OCZ ReaperX PC2-6400 4Gb DDR2 Kit
Packaging & Appearance
An area I often moan about on memory kits is the over-use of the plastic blister style packaging. Sure it allows the modules contained within to be seen in their full glory when placed on retailers shelves, but it offers very little in the way of protection during shipping and takes away some of the excitement when unpacking your latest purchase.
As we can see from the images below, OCZ have chosen this packaging method for their ReaperX kit. However, with the kit coming in at an extremely competitive price point, I think we can let OCZ off the hook this time round ;)
The front of the packaging is fairly standard, with OCZ using a cardboard insert printed with an orange and grey background to help highlight the modules. While no information on the modules is printed on the insert, OCZ have taken the liberty of placing a specification sticker towards the bottom of the packaging that will help users identify what modules are contained within.
Due to the shape of the heatspreaders on the ReaperX kit, OCZ have had to modify the back of the packaging slightly to accommodate the heatpipe fins.

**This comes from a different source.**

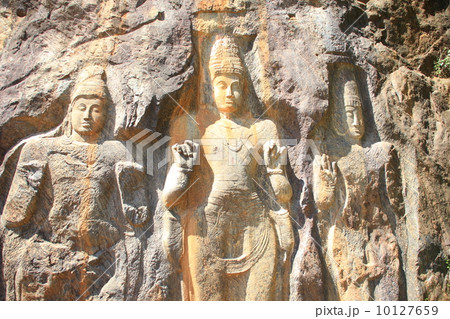 ブドゥルワガラ・ロックの磨崖仏 菩薩三尊

While this may have been a necessity to get the kit fitting snugly inside the packaging, OCZ have used it to their full potential by printing a technical diagram and brief description on how the heatpipe system works at the back of the insert card.
Back when we reviewed the original OCZ Reaper PC2-8500
kit, it's unique looks were met with mixed responses. While the kit certainly performed admirably and the heatspreaders managed to keep the memory cool even at high voltages, the copper full-loop heatpipe system certainly wasn't as pretty as OCZ's FlexXLC kits. With this in mind, let's take a look at what the ReaperX kit has to offer...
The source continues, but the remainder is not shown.